О ком произнесены эти слова: о поколении начала прошлого века или о современной молодежи, мечтающей о бюрократической карьере, которая обеспечила бы ей в ненадежные времена место в спасительной нише? И не тот же ли самый «переход от тишины пошлой обыденщины к сумасшествию» переживаем мы снова − с той разницей, что расколовший общество конфликт, в дни которого появилось блоковское «Безвременье», затеян ныне у нас не революционерами, а правительством, развязавшим гражданскую войну на территории соседней страны? Истерии, диагностированной в 1906 году, не убавилось − она лишь сделалась − как тут не вспомнить словарь новейших державных идеологов! − «управляемой». Истины вырабатываются в истории, чтобы быть упраздненными, оспоренными, − если и признаваемыми, то в качестве неполноценных. Но, когда время застывает, сказанное об одной его остановке без больших потерь может быть перенесено на другую.
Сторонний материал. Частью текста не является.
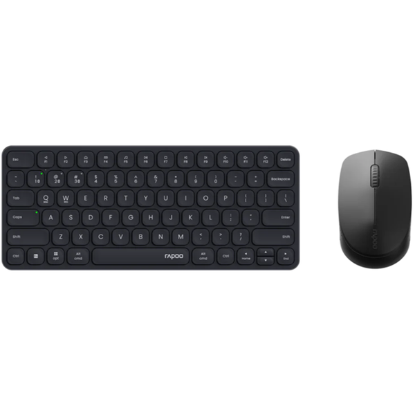 - Multi-mode wireless connection: Wireless keyboard, wireless mouse, 2.4 GHz, Bluetooth 4.0, Bluetooth 5.0- Nano USB receiver- Ultra-slim 3.9 mm design- Aluminum alloy housing- 78 scissor keys- Adjustable 2400 DPI optical mouse- Ambidextrous mouse design- 5 buttons incl. a 2D scroll wheel &; Bluetooth button- Bluetooth/2.4GHz switch button (keyboard)- On/Off button (mouse)- Up to 12 months battery life Complete interference-free wireless connectivity This stylish wireless set looks great on any desktop with its stylish, streamline design. The keyboard boasts an impressive 3.9 mm ultra-slim design and anodized aluminum housing. The Fn multimedia keys offer quick access to all important multimedia functions. While the keyboard is very compact, it also has full-size keys, which makes typing much more comfortable. The mouse features an ergonomic design suitable for left- and right- handed use as well as a 2400 DPI adjustable DPI sensor. 9010M is not only advanced in design but also in connectivity. The desktop set transmits via Rapoo's latest multi-mode wireless connection - using reliable 2.4 GHz wireless transmission, Bluetooth 4.0 or Bluetooth 5.0 - enabling you to connect simultaneously to multiple devices and switch (pair automatically) among them. Switch among multiple connected devices in one click Connect to all your devices: 9010M automatically pairs the working device. It simultaneously connects to multiple devices, and easily switches among them in a click of a button. It simplifies activities across devices and meets multi-tasking requirements Multi-mode wireless connection Interference-free wireless options: The smart switch between Bluetooth 4.0, 5.0 and 2.4 GHz ensures stable wireless transmission with up to 10 meters range and 360° coverage. You can still use your keyboard regardless of USB port shortage or the loss of receiver. Ultra-slim 3.9 mm design with aluminum alloy base Ultra-slim 3.9 mm design with aluminum alloy base Slimline and durable: The ultra-slim 3.9 mm design makes this keyboard a real eye-catcher while the housing made from anodized aluminum alloy offers stability and durability.

Критика текущего времени − крайне неблагодарное поприще. Она задевает не только тех, кто творит современность на практике и в теории, но и тех, кто попросту пребывает здесь и сейчас без посягательства на сопричастность к социокультурному авангарду. У этого гипокреативного большинства нет другой жизни, чем та, какую оно вершит изо дня в день. Что иного увидит массовый человек в эссенциальном скепсисе по поводу современности, кроме покушения на его экзистенцию? «Не понял», − угрожающе бросит он своему супостату. Скольких пользователей Интернета я обижу, если заменю на «баньку с Wi-Fi» ту «баньку с пауками», в которую Блок вслед за Достоевским поместил мнимую вечность − выдохшуюся историю? Имя им − легион.
Соблазнить репродуктивную массу нападками на ее современность удается лишь в том случае, если те содержат в себе, кроме отрицания, еще и обещание новой сегодняшности, в которой среднестатистический человек преобразится в элитарного, культурогенного. Такова была стратегия большевиков, заманивавших трудящихся в будущее, в котором должна возникнуть великая пролетарская культура, и тем же путем шли нацисты, внушая каждому немцу представление о его принадлежности к избранной нордической расе. Не следует думать, что тоталитарные режимы изобрели небывалый способ рекрутировать себе сторонников. Положение о том, что последние станут первыми, составило социальную основу христианства и было развито много веков спустя в обособившейся от религии историософии Гегеля. Идея овладевает массами, когда дает им шанс на переход в привилегированный статус. У истории смысла есть прагматическая (политическая) сторона. Смысл, никогда не бывающий довольным − в качестве головного образования − своей реализуемостью и, значит, своей властью над данным моментом, жаждет инобытия и обольщает таковым общество тем успешнее, чем более исключительными выступают позиции, которые предстоит занять в грядущем членам коллектива. Реклама промышленных товаров, настаивающая на их эксклюзивности, узурпирует политику больших идеологий, чтобы приспособить ее к частноопределенной рыночной корысти.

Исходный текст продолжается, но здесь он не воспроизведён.